Extracted records
= Beginning of Section =
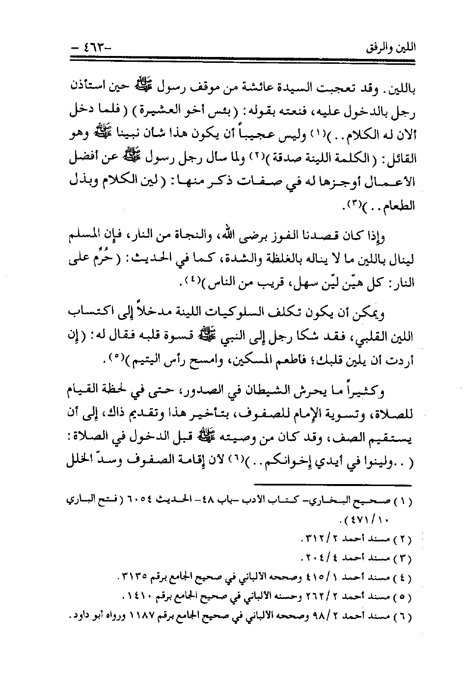 باللين. وقد تعجبت السيدة عائشة من موقف رسول - صلى الله عليه وسلم - حين استأذن رجل بالدخول عليه، فنعته بقوله: «بئس أخو العشيرة، فلما دخل ألان له الكلام ..» (¬1)، وليس عجيبًا أن يكون هذا شأن نبينا - صلى الله عليه وسلم - وهو القائل: «الكلمة اللينة صدقة» (¬2)، ولما سأل رجل رسول - صلى الله عليه وسلم - عن أفضل الأعمال أوجزها له في صفات ذكر منها: «لين الكلام وبذلك الطعام» (¬3).
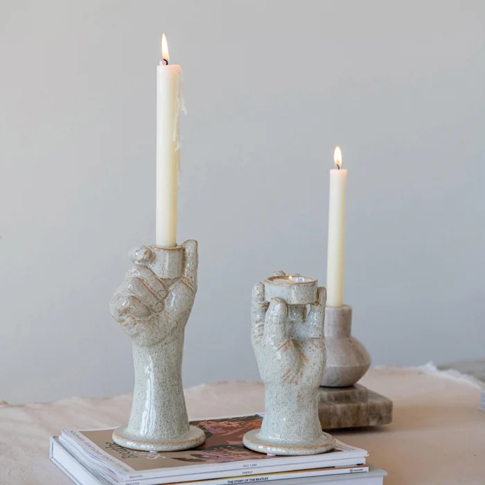 Interesting figures are spices that complement a room decor. The Porcelain Candle Holder can be added to a shelf, placed above a fireplace, or placed next to other objects. Sold Single.
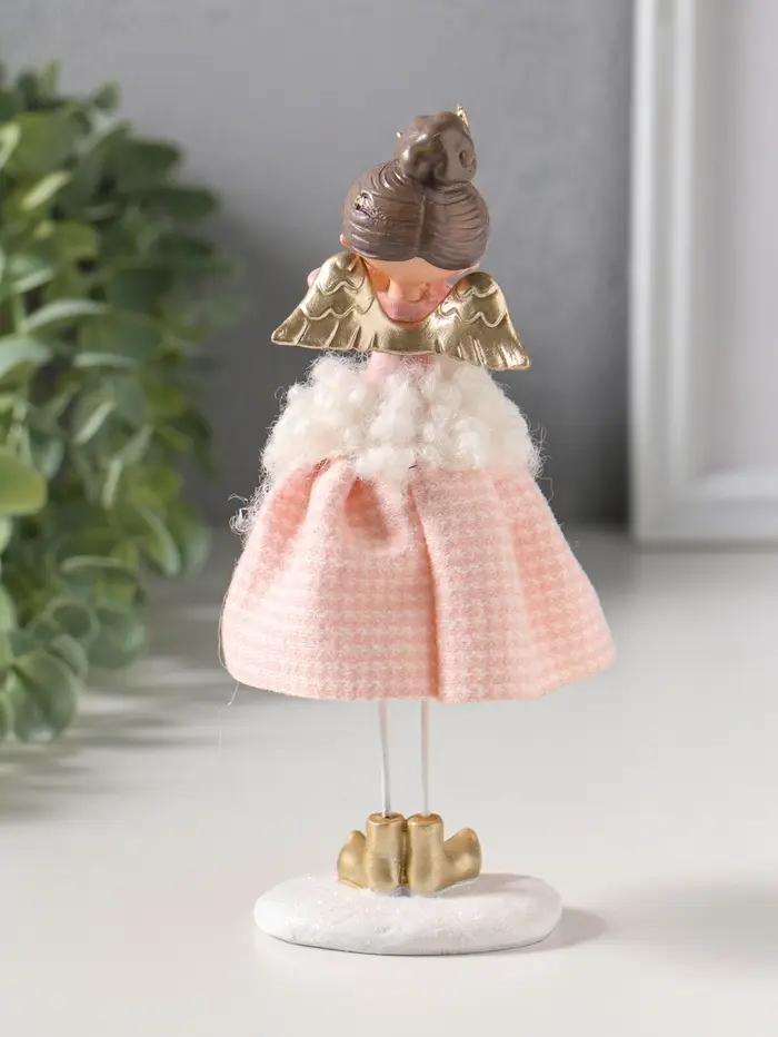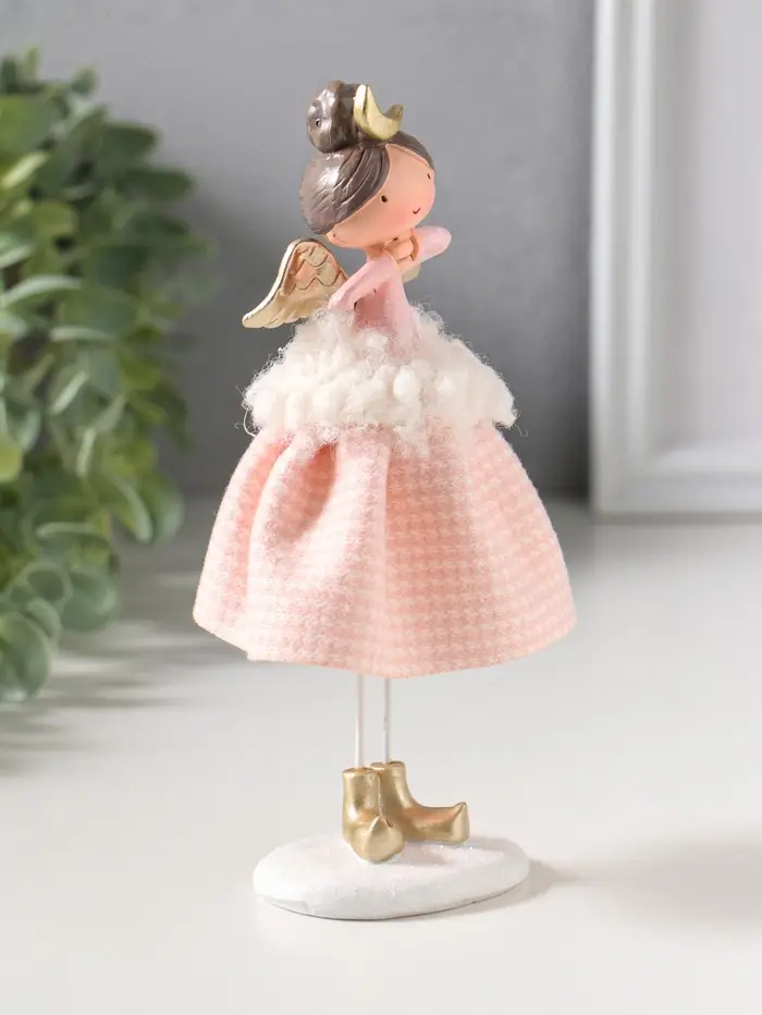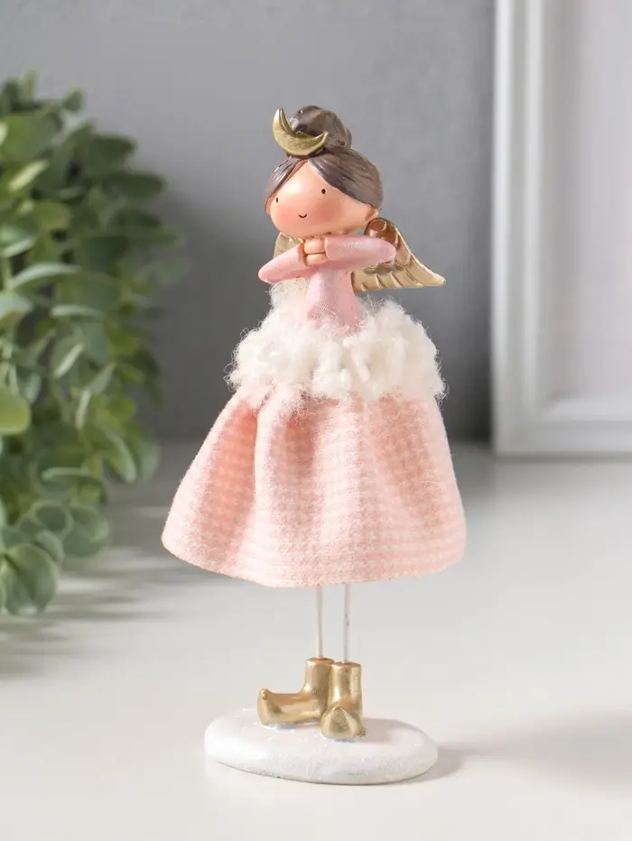 Сувенир полистоун "Ангелочек в розовом клетчатом наряде с мехом" 6х5,5х17,5 см
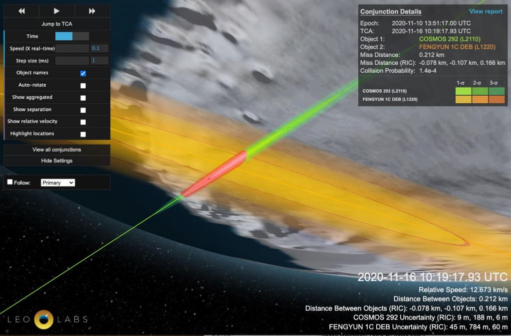 Collisions and near misses (thankfully MUCH more common) are predicted by LeoLabs and can even be visualized by the members of the public here. The software gives estimates of the likelihood of a collision and even estimates the relative speed of the two objects, giving an idea of the energy involved in these collisions. "Low-speed" collisions happen around one kilometer per second, while higher speed head-on collisions can occur well over 12 kps.
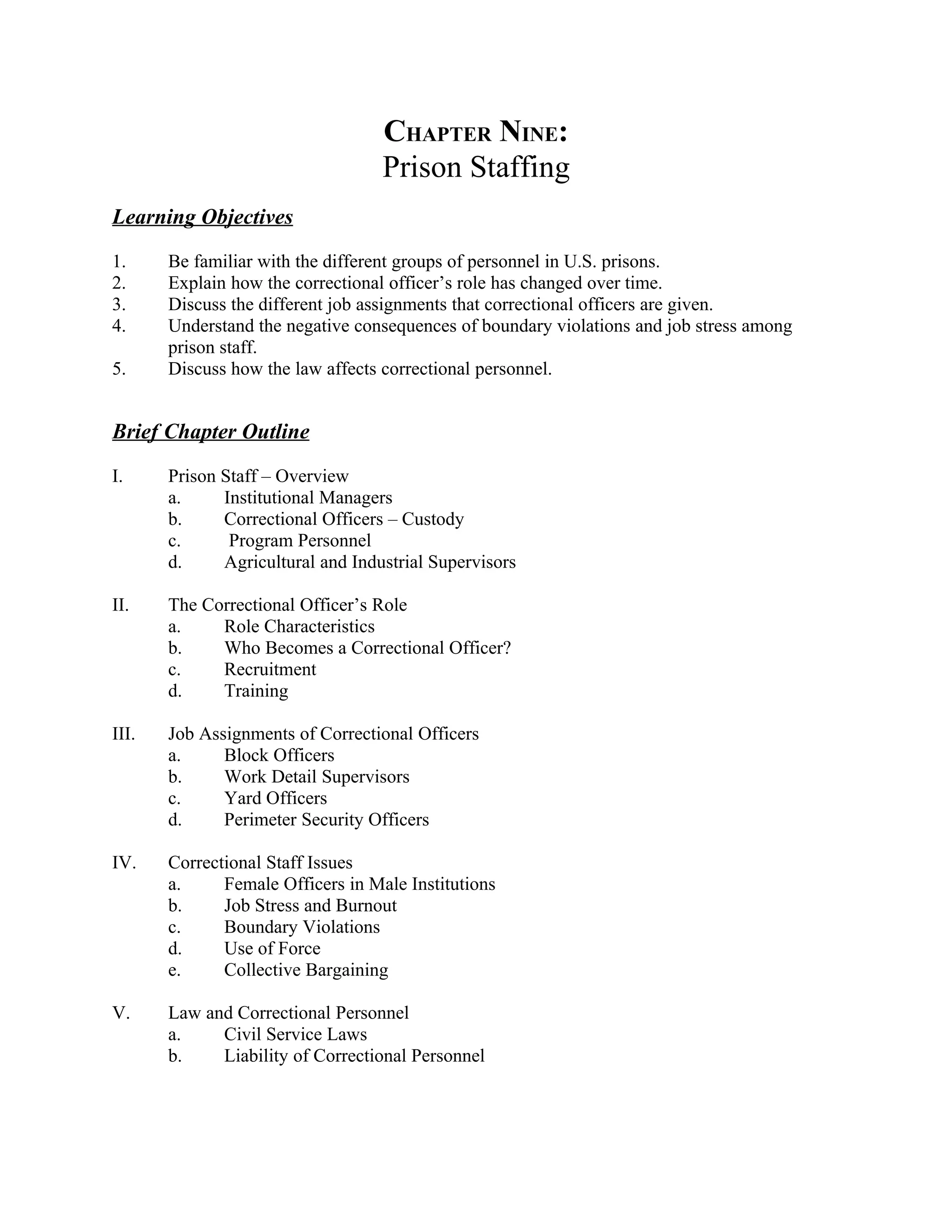 The chapter discusses prison staffing and the roles of different personnel in U.S. prisons. Institutional managers like the warden are responsible for overall prison management. Correctional officers have various ranks and job assignments like housing unit officers, work supervisors, and perimeter security. Their role has expanded from simple inmate guarding to include counseling and rehabilitation support. Program staff oversee education and vocational programs. The chapter also covers issues like job stress, boundary violations, and how civil service and other laws affect correctional personnel responsibilities and liability.
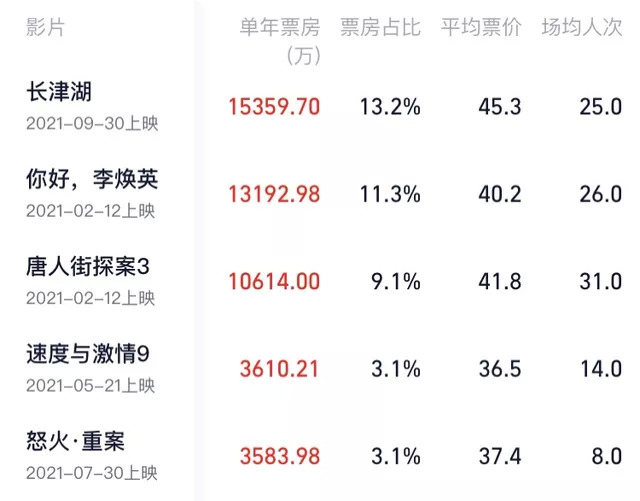 相较于2020年,刚过去的2021年年度票房整体复苏,全年累计实现票房470.3亿元,同比上升231.6%。但就票房排名来看,榜首《长津湖》一部就占有57.72亿,位于第二名《你好,李焕英》又瓜分走54.13亿,仅这两部电影的票房就占全年总票房的23.8%,剩下的738部分剩下的358亿,竞争非常残酷。
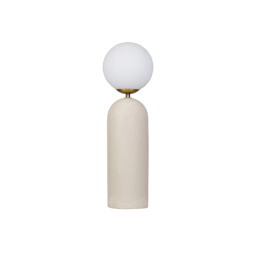 Catalog Name: 6" Round x 15-3/4"H Stoneware & Metal Table Lamp w/ Frosted Globe & Inline Switch, Crackle Glaze, Cream Color & Gold Finish (Each One Will Vary)
= End of Section =
-- The problem --
Reproduce the records exactly, images excluded.

-- Answer to this task --
 باللين. وقد تعجبت السيدة عائشة من موقف رسول - صلى الله عليه وسلم - حين استأذن رجل بالدخول عليه، فنعته بقوله: «بئس أخو العشيرة، فلما دخل ألان له الكلام ..» (¬1)، وليس عجيبًا أن يكون هذا شأن نبينا - صلى الله عليه وسلم - وهو القائل: «الكلمة اللينة صدقة» (¬2)، ولما سأل رجل رسول - صلى الله عليه وسلم - عن أفضل الأعمال أوجزها له في صفات ذكر منها: «لين الكلام وبذلك الطعام» (¬3).
 Interesting figures are spices that complement a room decor. The Porcelain Candle Holder can be added to a shelf, placed above a fireplace, or placed next to other objects. Sold Single.
 Сувенир полистоун "Ангелочек в розовом клетчатом наряде с мехом" 6х5,5х17,5 см
 Collisions and near misses (thankfully MUCH more common) are predicted by LeoLabs and can even be visualized by the members of the public here. The software gives estimates of the likelihood of a collision and even estimates the relative speed of the two objects, giving an idea of the energy involved in these collisions. "Low-speed" collisions happen around one kilometer per second, while higher speed head-on collisions can occur well over 12 kps.
 The chapter discusses prison staffing and the roles of different personnel in U.S. prisons. Institutional managers like the warden are responsible for overall prison management. Correctional officers have various ranks and job assignments like housing unit officers, work supervisors, and perimeter security. Their role has expanded from simple inmate guarding to include counseling and rehabilitation support. Program staff oversee education and vocational programs. The chapter also covers issues like job stress, boundary violations, and how civil service and other laws affect correctional personnel responsibilities and liability.
 相较于2020年,刚过去的2021年年度票房整体复苏,全年累计实现票房470.3亿元,同比上升231.6%。但就票房排名来看,榜首《长津湖》一部就占有57.72亿,位于第二名《你好,李焕英》又瓜分走54.13亿,仅这两部电影的票房就占全年总票房的23.8%,剩下的738部分剩下的358亿,竞争非常残酷。
 Catalog Name: 6" Round x 15-3/4"H Stoneware & Metal Table Lamp w/ Frosted Globe & Inline Switch, Crackle Glaze, Cream Color & Gold Finish (Each One Will Vary)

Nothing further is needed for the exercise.